Dataset extract
BEGIN

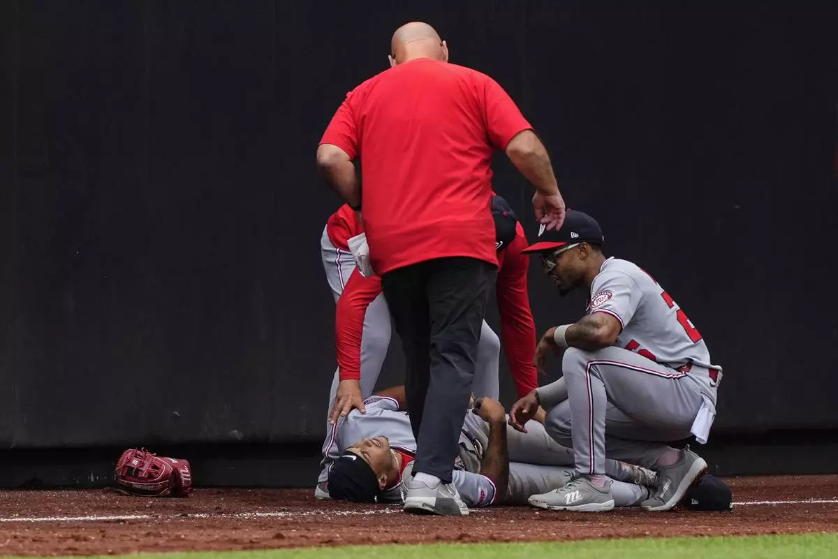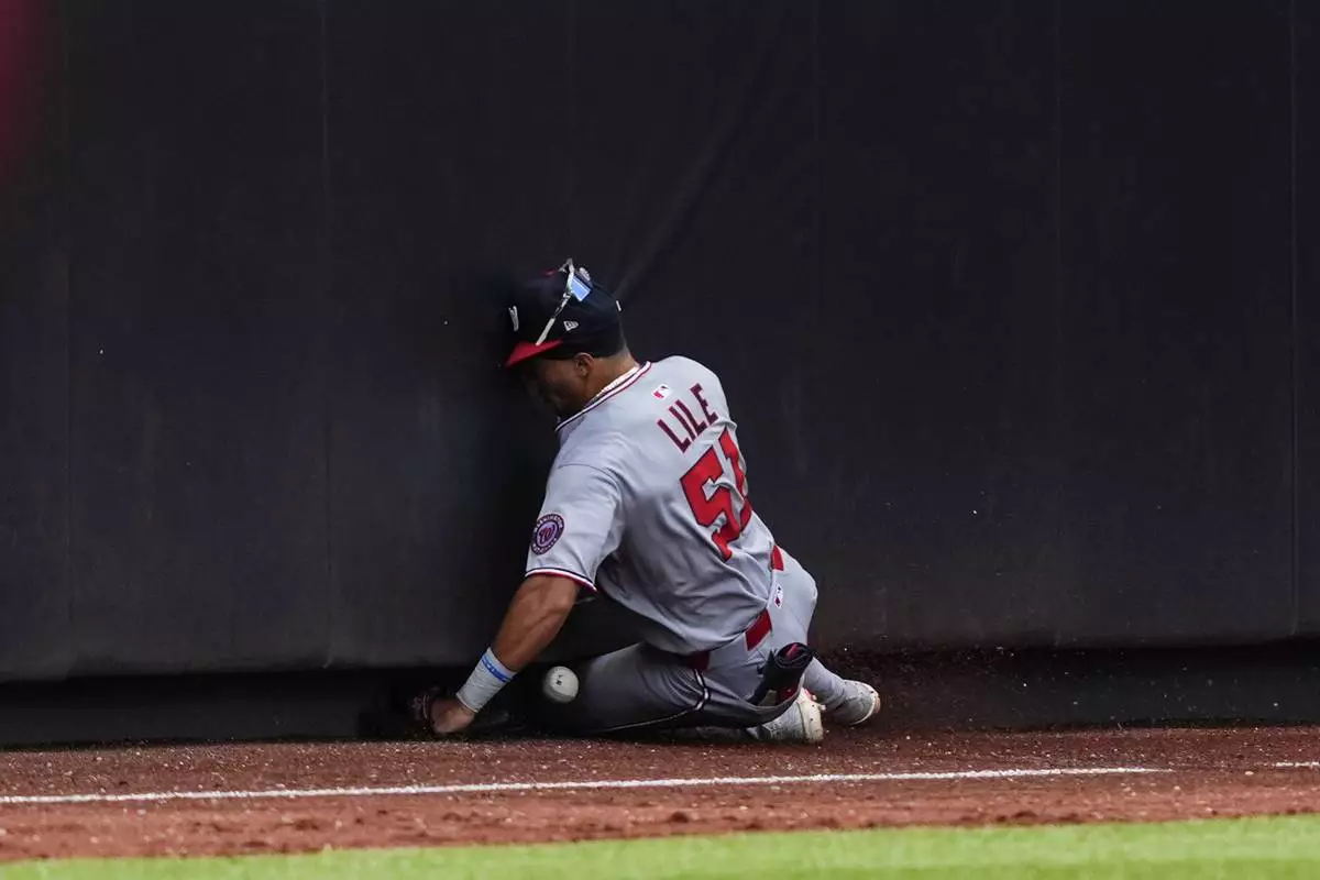 Lile initially appeared to be seriously hurt as he slid into the left-field wall in the third inning. The 22-year-old, who hit a two-run, inside-the-park homer in the 11th inning of the Nationals’ 5-3 win on Saturday, writhed in pain as Luis Torrens, who was on second, ran home for what was initially called a sacrifice fly. Mullins, who lingered at first base, eventually tried running to second, where he was tagged out.
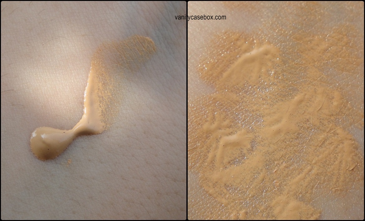 – The texture is very light. It feels water based and blends easily into skin with just a few pats.
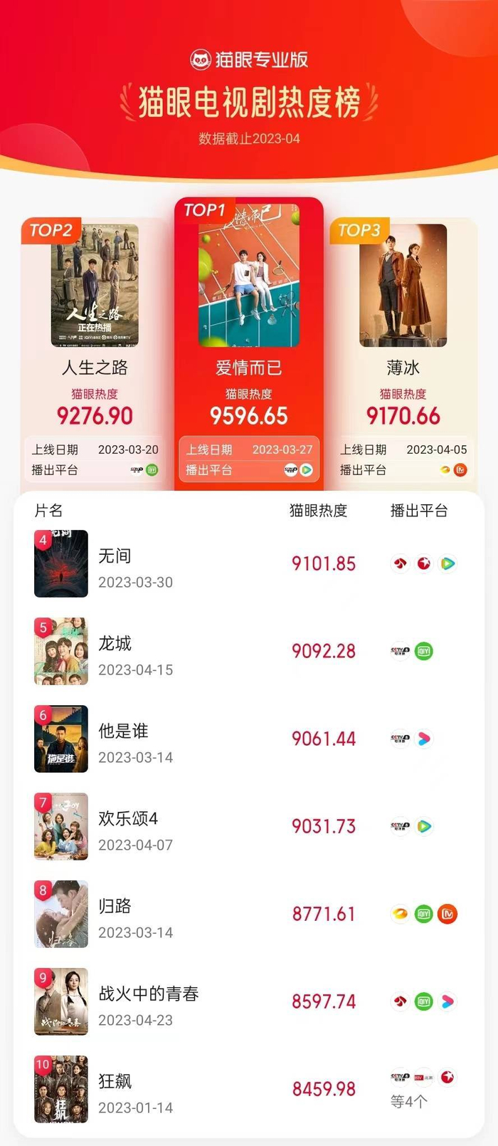 根据猫眼专业版数据显示,2023年4月电视剧热度榜前三名分别为:《爱情而已》、《人生之路》和《薄冰》。其中吴磊、周雨彤领衔主演的《爱情而已》以9596.65的猫眼热度位居榜首,该剧同时还是2023年4月都市剧热度冠军。陈晓、李沁等主演的《人生之路》和彭冠英、陈钰琪等主演的《薄冰》分别以9276.9、9170.66的猫眼热度获得电视剧热度榜亚军和季军。
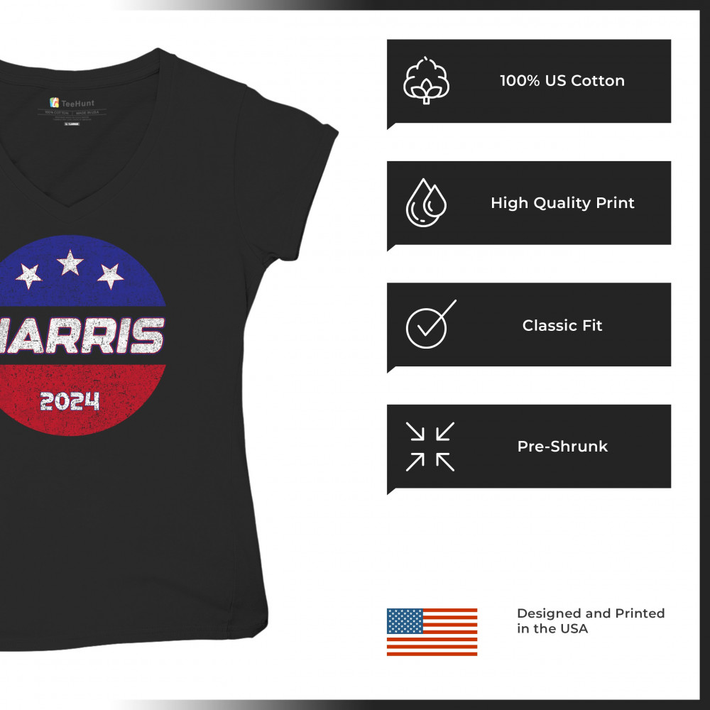 Embrace your political stance with this Kamala Harris 2024 design, crafted for supporters of the Democratic party and those who believe in a brighter, inclusive future. The design features the American flag and bold lettering, making it a perfect choice for rallies, political events, or casual wear. It underscores the historic significance of electing the first female president and represents a broad coalition of black Americans, Hispanic Americans, LGBTQ, and other minority groups. Stand out and show your unwavering support for Kamala Harris and her vision for America.
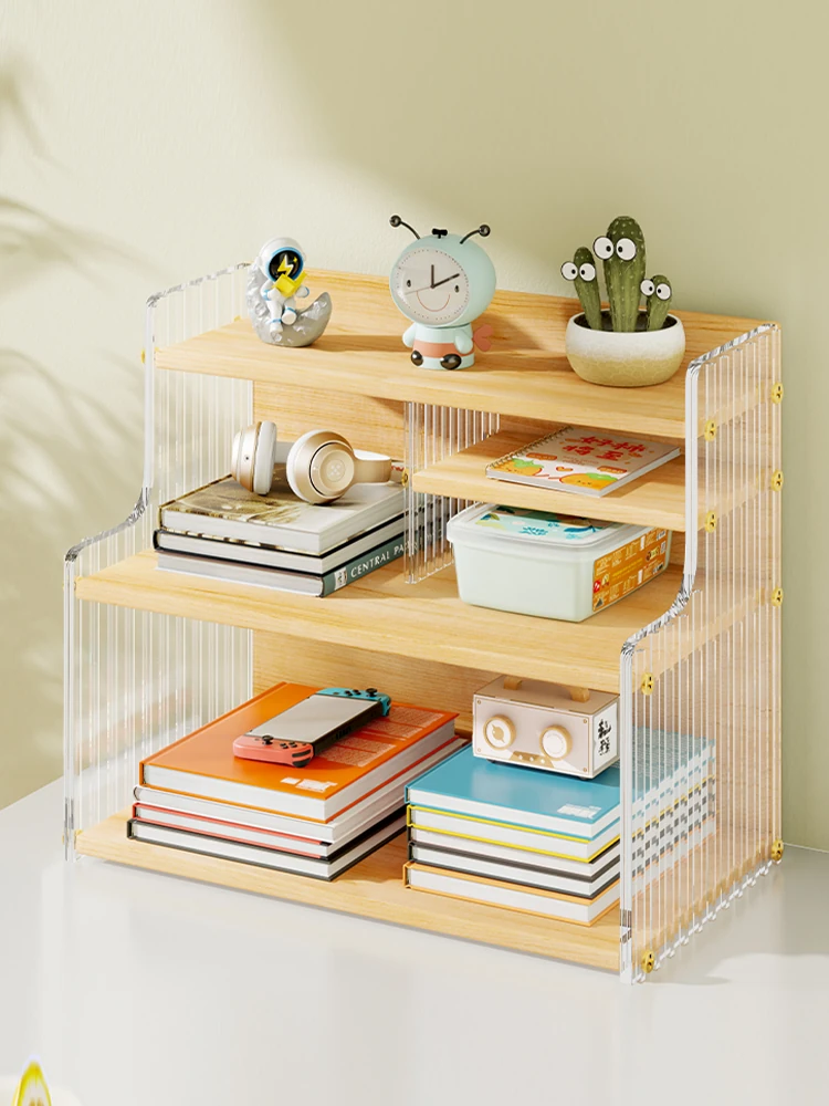 Acrylic Kids Desk Bookshelf - Multi-Layer Storage Rack for Books, Cosmetics & Miscellaneous Items - Perfect for Organizing Your Child's Space!

END

What is required
What is needed is the full material, retyped unchanged, with no pictures in it.

Solution
 Lile initially appeared to be seriously hurt as he slid into the left-field wall in the third inning. The 22-year-old, who hit a two-run, inside-the-park homer in the 11th inning of the Nationals’ 5-3 win on Saturday, writhed in pain as Luis Torrens, who was on second, ran home for what was initially called a sacrifice fly. Mullins, who lingered at first base, eventually tried running to second, where he was tagged out.
 – The texture is very light. It feels water based and blends easily into skin with just a few pats.
 根据猫眼专业版数据显示,2023年4月电视剧热度榜前三名分别为:《爱情而已》、《人生之路》和《薄冰》。其中吴磊、周雨彤领衔主演的《爱情而已》以9596.65的猫眼热度位居榜首,该剧同时还是2023年4月都市剧热度冠军。陈晓、李沁等主演的《人生之路》和彭冠英、陈钰琪等主演的《薄冰》分别以9276.9、9170.66的猫眼热度获得电视剧热度榜亚军和季军。
 Embrace your political stance with this Kamala Harris 2024 design, crafted for supporters of the Democratic party and those who believe in a brighter, inclusive future. The design features the American flag and bold lettering, making it a perfect choice for rallies, political events, or casual wear. It underscores the historic significance of electing the first female president and represents a broad coalition of black Americans, Hispanic Americans, LGBTQ, and other minority groups. Stand out and show your unwavering support for Kamala Harris and her vision for America.
 Acrylic Kids Desk Bookshelf - Multi-Layer Storage Rack for Books, Cosmetics & Miscellaneous Items - Perfect for Organizing Your Child's Space!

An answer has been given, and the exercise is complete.